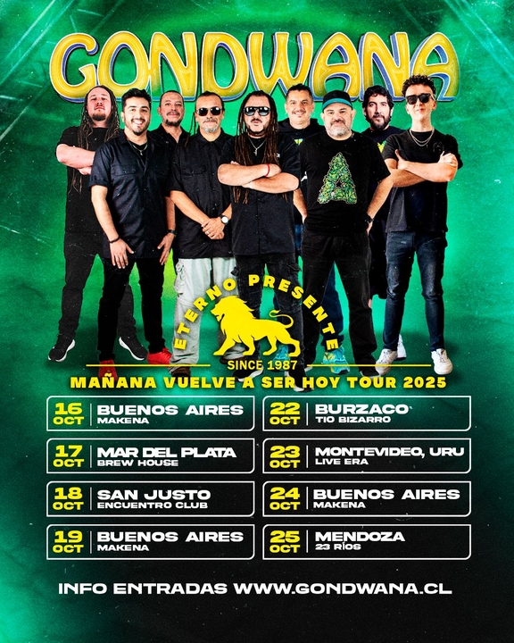 GONDWANA, es sin dudas una de las bandas más fuertes del reggae latinoamericano. Formado en Chile en 1987, el grupo mantiene una trayectoria muy destacada, con ventas multiplatino y presentaciones de los mejores festivales de toda Latinoamérica (Reggae On the River en California, Rock al Parque en Bogotá, Vive Latino en México, Pepsi Music en Buenos Aires, Cosquín Rock en Córdoba, Quito Fest en Ecuador y varias apariciones en el Festival de Viña del Mar son testigos de su impacto masivo).
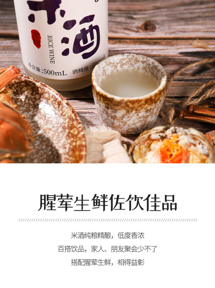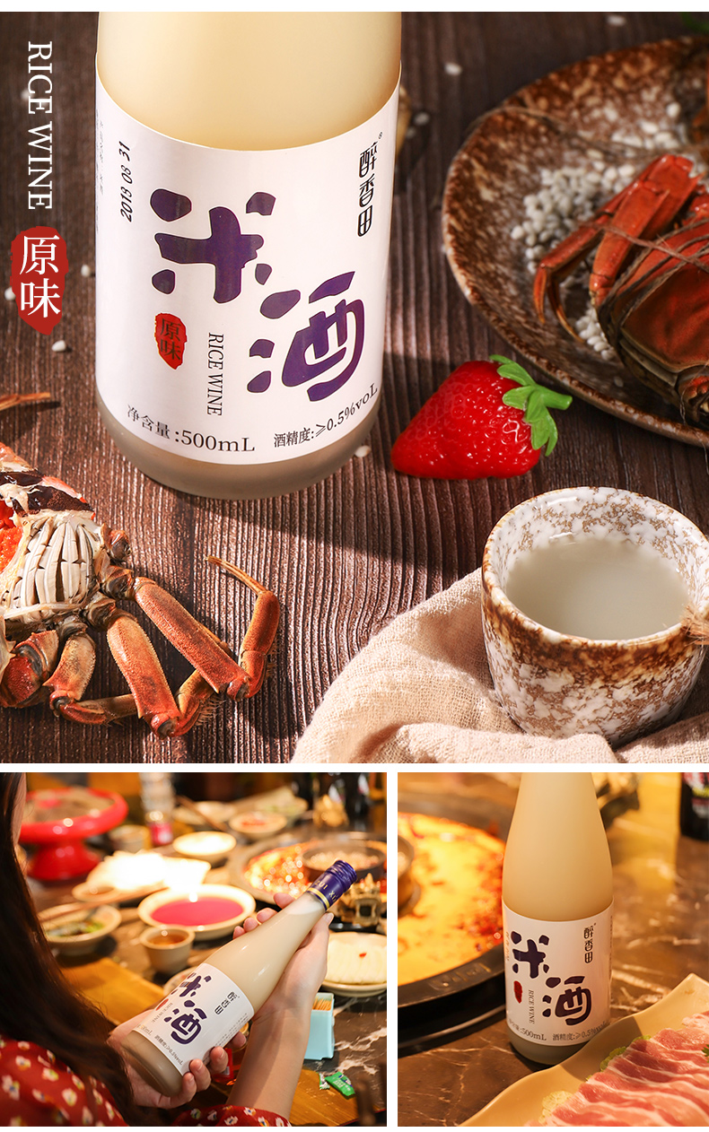 经传统糯米发酵,真材实料,还原米酒原本的味道。口感温润香甜,甘甜醇绵,冷饮、热饮皆可,低度浓郁,微醺三两杯,氛围恰好。
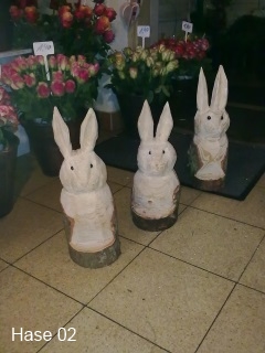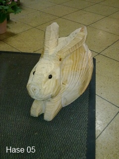 Skulpturen von Eulen, Adlern, Baeren und anderen Tieren
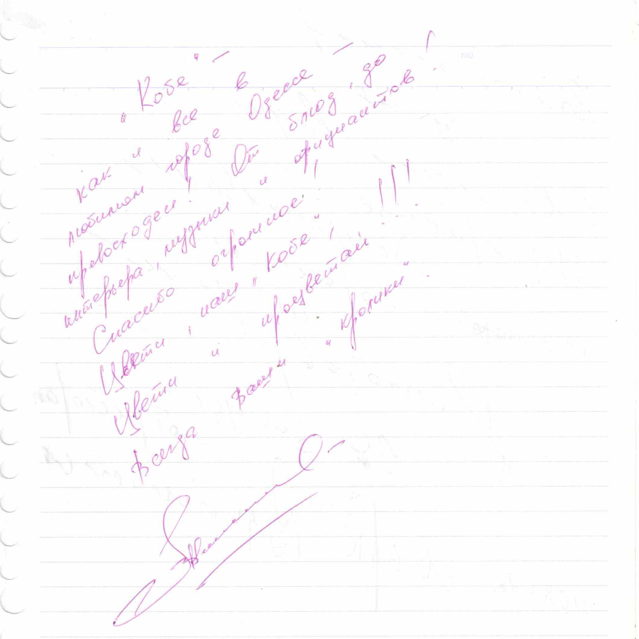 «Кобе» - Как и все в любимом городе Одессе – превосходен! От блюд, до интерьера, музыки и официантов! Спасибо огромное!
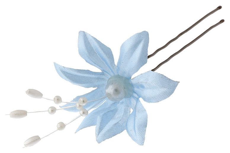216197334 Шпилька "Голубой цветок с бусинами" из ткани.Длина 7 см.
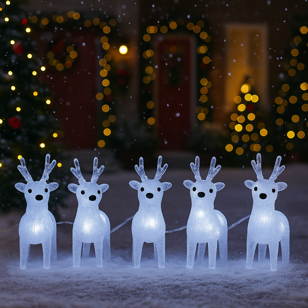 Christmas LED Reindeer Lights 5pc Light Up Xmas Decor Stag Acrylic Xmas Home
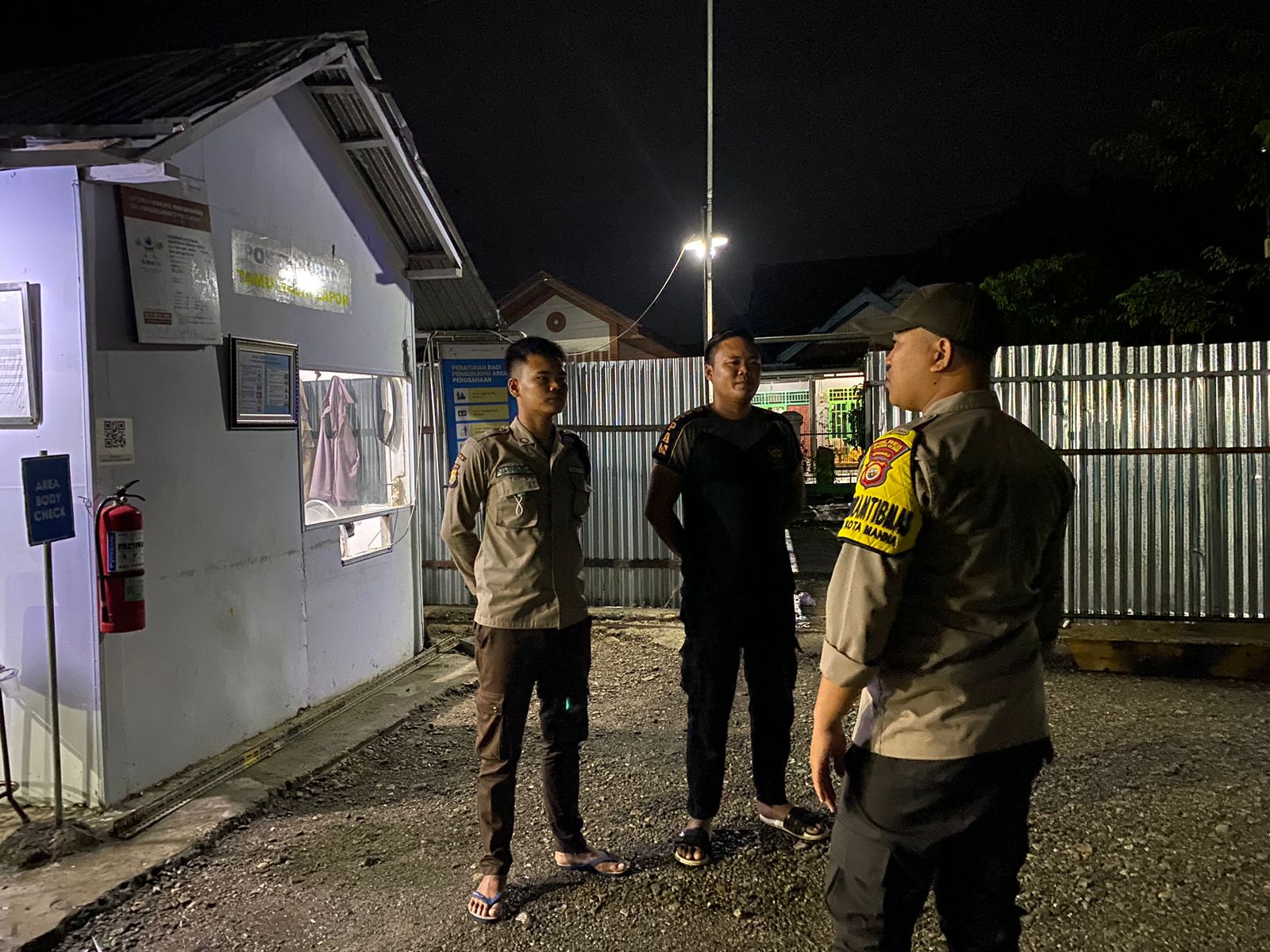 Bripka Guntur Zulkan S.H., dan Briptu Egi Feroza selaku petugas patroli Polri memberikan pesan kamtibmas kepada satpam yang sedang jaga,.

= = = = =

**What you will do**
Every line from the one containing "Skulpturen von Eulen, Adlern, Baeren" to the final line of the records should be duplicated exactly; no picture is to be copied.

**Solution to this problem**
 Skulpturen von Eulen, Adlern, Baeren und anderen Tieren
 «Кобе» - Как и все в любимом городе Одессе – превосходен! От блюд, до интерьера, музыки и официантов! Спасибо огромное!
216197334 Шпилька "Голубой цветок с бусинами" из ткани.Длина 7 см.
 Christmas LED Reindeer Lights 5pc Light Up Xmas Decor Stag Acrylic Xmas Home
 Bripka Guntur Zulkan S.H., dan Briptu Egi Feroza selaku petugas patroli Polri memberikan pesan kamtibmas kepada satpam yang sedang jaga,.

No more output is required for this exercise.